Question 4.3: A practical application of electrostatics is in electrostati...

Ignoring the coulombic force between particles, the electrostatic force is acting horizontally while the gravitational force (weight) is acting vertically on the particles. Thus

QE=m\frac{d^{2}x}{dt^{2}}a_{x}

or

\frac{d^{2}x}{dt^{2}}=\frac{Q}{m}E

Integrating twice gives

x=\frac{Q}{2m}Et^{2}+c_{1}t +c_{2}

where c_{1} and c_{2} are integration constants.

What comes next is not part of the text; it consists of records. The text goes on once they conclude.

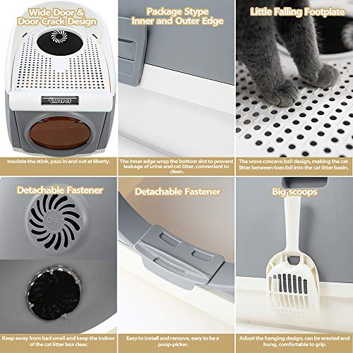 DADYPET Bac à Litière pour Chats, Maison de Toilette Chat Double-Porte, Entrée Frontale et Sortie Supérieure, Grande…
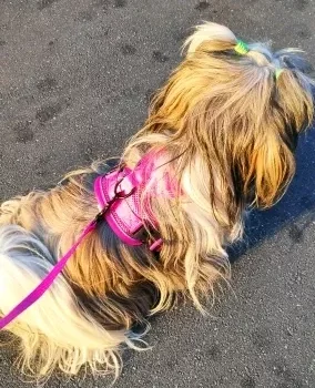This harness been such an upgrade for walkies. It's adjustable to fit just right, so he seems really comfy in it.
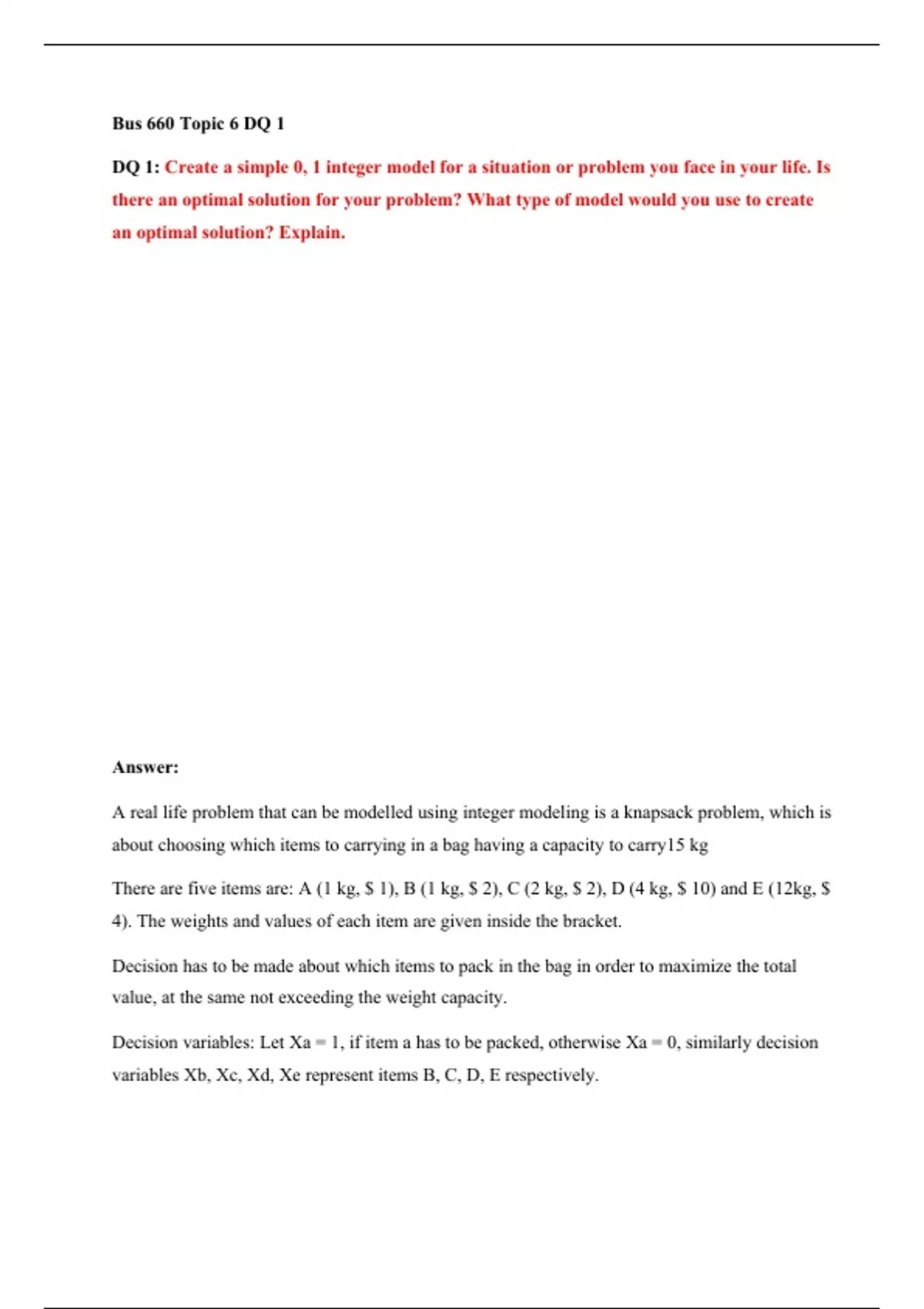 Bus 660 Topic 6 DQ 1 DQ 1: Create a simple 0, 1 integer model for a situation or problem you face in your life. Is there an optimal solution for your problem? What type of model would you use to create an optimal solution? Explain.
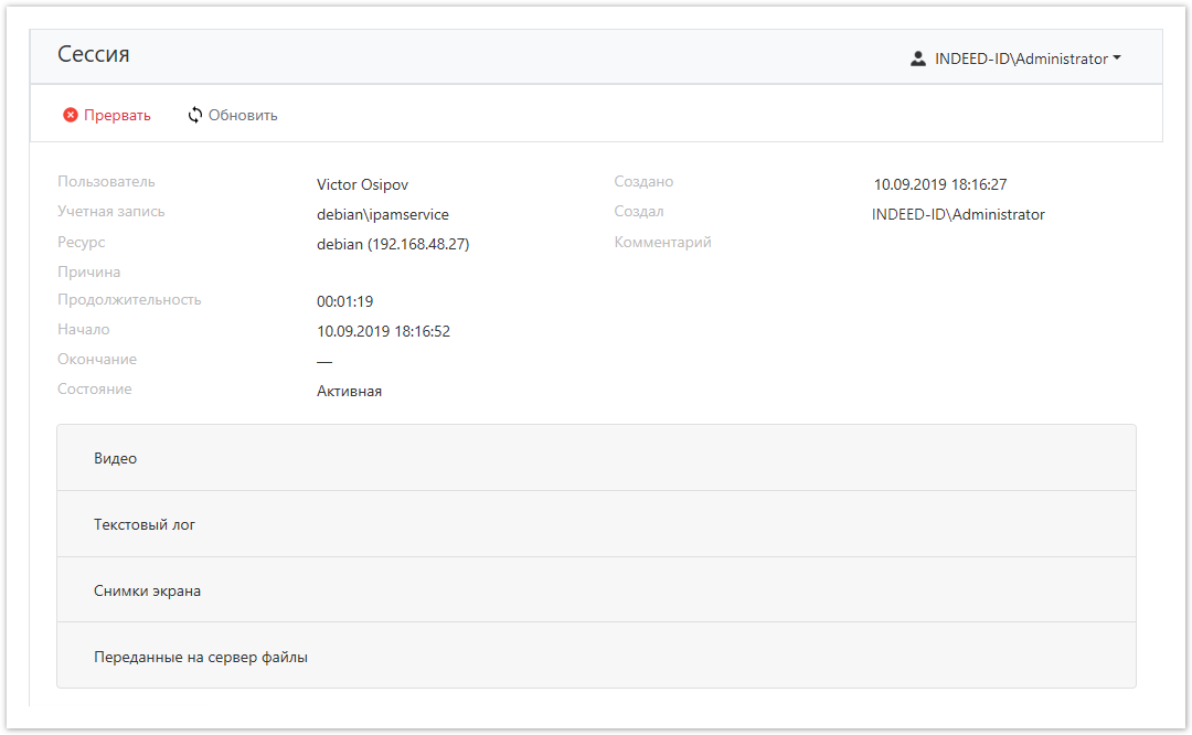 В зависимости от состояния сессии Активная или Завершённая/Прерванная в секции Видео будет отображаться потоковое видео или запись сессии.

Similarly

-mg=m\frac{d^{2}y}{dt^{2}}

or

\frac{d^{2}y}{dt^{2}}=-g

Integrating twice, we get

y=-1/2gt^{2}+c_{3}t+c_{4}

Since the initial displacement is zero

x\left(t=0\right)=0\rightarrow c_{2}=0

y\left(t=0\right)=0\rightarrow c_{4}=0

Also, because of zero initial velocity

\frac{dx}{dt}|_{t=0}=0\rightarrow c_{1}=0

\frac{dy}{dt}|_{t=0}=0\rightarrow c_{3}=0

Thus

x=\frac{QE}{2m}t^{2},      y=-\frac{1}{2}gt^{2}

When y=-80cm=-0.8m

t^{2}=\frac{0.8\times 2}{9.8}=0.1633

and

x=1/2\times 9\times 10^{-6}\times 5\times 10^{5}\times 0.1633=0.3673m

The separation between the particles is 2x=73.47cm.